Dr. Keith Clark, director of the Texas Department of Health’s Zoonosis Control Division, attributes the increase directly to a loss of fur markets over the last five years. The relaxed trapping pressure has led to a virtual explosion in all fur-bearer numbers.
“When there’s a population explosion in any species, problems occur,” said Clark. “Nature’s way of keeping a population healthy is spatial separation. When overpopulation occurs, rabies and other diseases flourish; it’s harsh but very effective.”
“South Texas has received a lot of attention because the coyote strain readily infects dogs and can be transmitted from dog to dog. For every single exposure to a wild animal, we have five from a domestic animal.
“While the number of rabies cases are almost equally divided between coyotes and dogs, over 90 percent of the human exposures are from the dogs. Simply put; the more people and unvaccinated dogs in an area, the more chance of exposure.”
In all, 71 canine rabies cases have been reported this year, with half of them found in three counties: Kleberg, 13; Webb, 12, and La Salle, 11.
Clark said that fox rabies cases were virtually unheard of in Texas prior to 1946, when an outbreak from Louisiana crossed into Shelby County. The disease was almost forgotten by the late 1970s, but a small pocket remained in the rough country in Val Verde, Real and Uvalde counties.
After fur prices fell in 1988, the resulting fox population explosion triggered the current outbreak, Clark said.
“Once rabies hits an area, it kills off the susceptible animals, and the area remains relatively trouble free until populations again boom,” he said. “As a rule, though, the subsequent outbreaks rarely equal the initial one. Unfortunately, problems quickly occur in neighboring counties. For example, the Tom Green-McCulloch County episodes probably are on the decline. Neighboring counties will be the next areas hit, but Tom Green and McCulloch counties will probably be relatively rabies-free for at least the next two years.”
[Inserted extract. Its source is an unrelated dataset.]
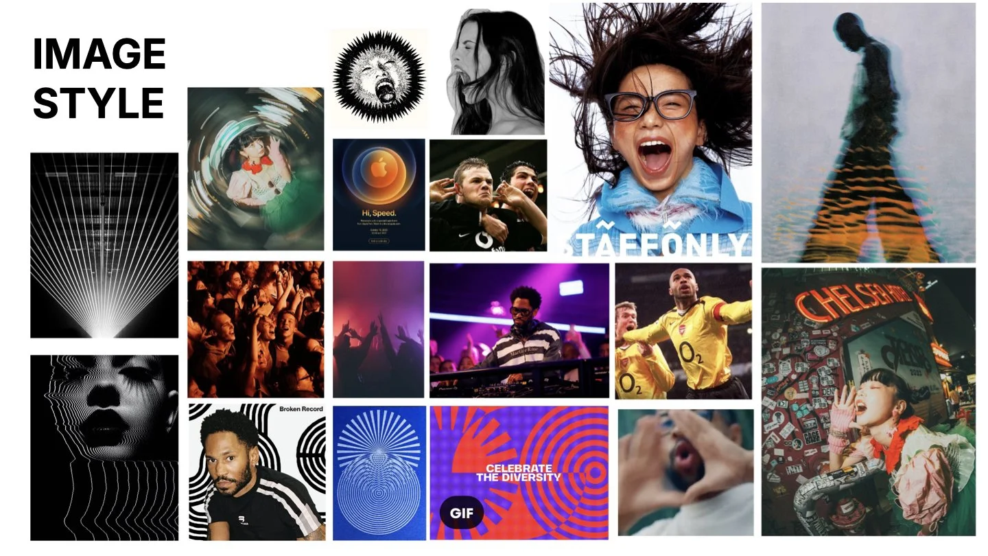 I designed a variable logo system that shifts depending on tool and environment, and an identity inspired by avant garde experimentation, fan engagement at sports arenas, and vibrant rave culture.

Clark admits the rabies increase is alarming, but added that caution tempered with a little common sense can save people a lot of grief.
“Vaccinate all your dogs and cats annually,” he advised. “In fact, all domestic animals receiving regular human contact should be vaccinated, including saddle horses and show stock. By law, all rabies vaccinations in Texas must be performed by a licensed veterinarian.”
Clark’s department is working on an oral vaccine that would immunize animals in the wild to try and stem the rabies tide. The project involves cooperative efforts with, among others, Texas Animal Damage Control, the U.S. Army, the Texas A&M University School of Veterinary Medicine, Texas A&M at Kingsville, U.S. Department of Agriculture, Centers for Disease Control and Prevention, and Rhone- Merieux Inc.
Baits laced with the vaccine are air-dropped over a wide area where they are eaten by coyotes, dogs, foxes, and other carnivores. Clark said the technique has been successful on red fox in Canada and Europe. An initial test project, using bait without the vaccine, yielded promising results with coyotes in South Texas.
Research on the baits is still under way, Clark said, but the health department hopes to have the coyote bait deployed by February and the bait for the foxes out by next fall.
If the vaccine baits work, Clark said, rabies on an epidemic scale could be a thing of the past within five to seven years.
Texas counties in which canine rabies were found during 1988-1993 were Brooks, Cameron, Duval, Hidalgo, Jim Hogg, Jim Wells, Kenedy, Kleberg, LaSalle, Nueces, Starr, Webb, Willacy and Zapata. The four new counties added to the list this year were Dimmit, Frio, Live Oak, and McMullen.
Texas counties in which fox rabies were found during 1987-1993 were Bandera, Brewster, Concho, Crockett, Edwards, Irion, Kendall, Kerr, Kimble, Kinney, Medina, Menard, McCulloch, Pecos, Presidio, Real, Schleicher, Sutton, Terrell, Tom Green, Upton, Uvalde and Val Verde. The 12 new counties added in 1994 were Bexar, Brown, Coke, Coleman, Crane, Lampasas, Mason, Mitchell, Reagan, Runnels, San Saba and Sterling.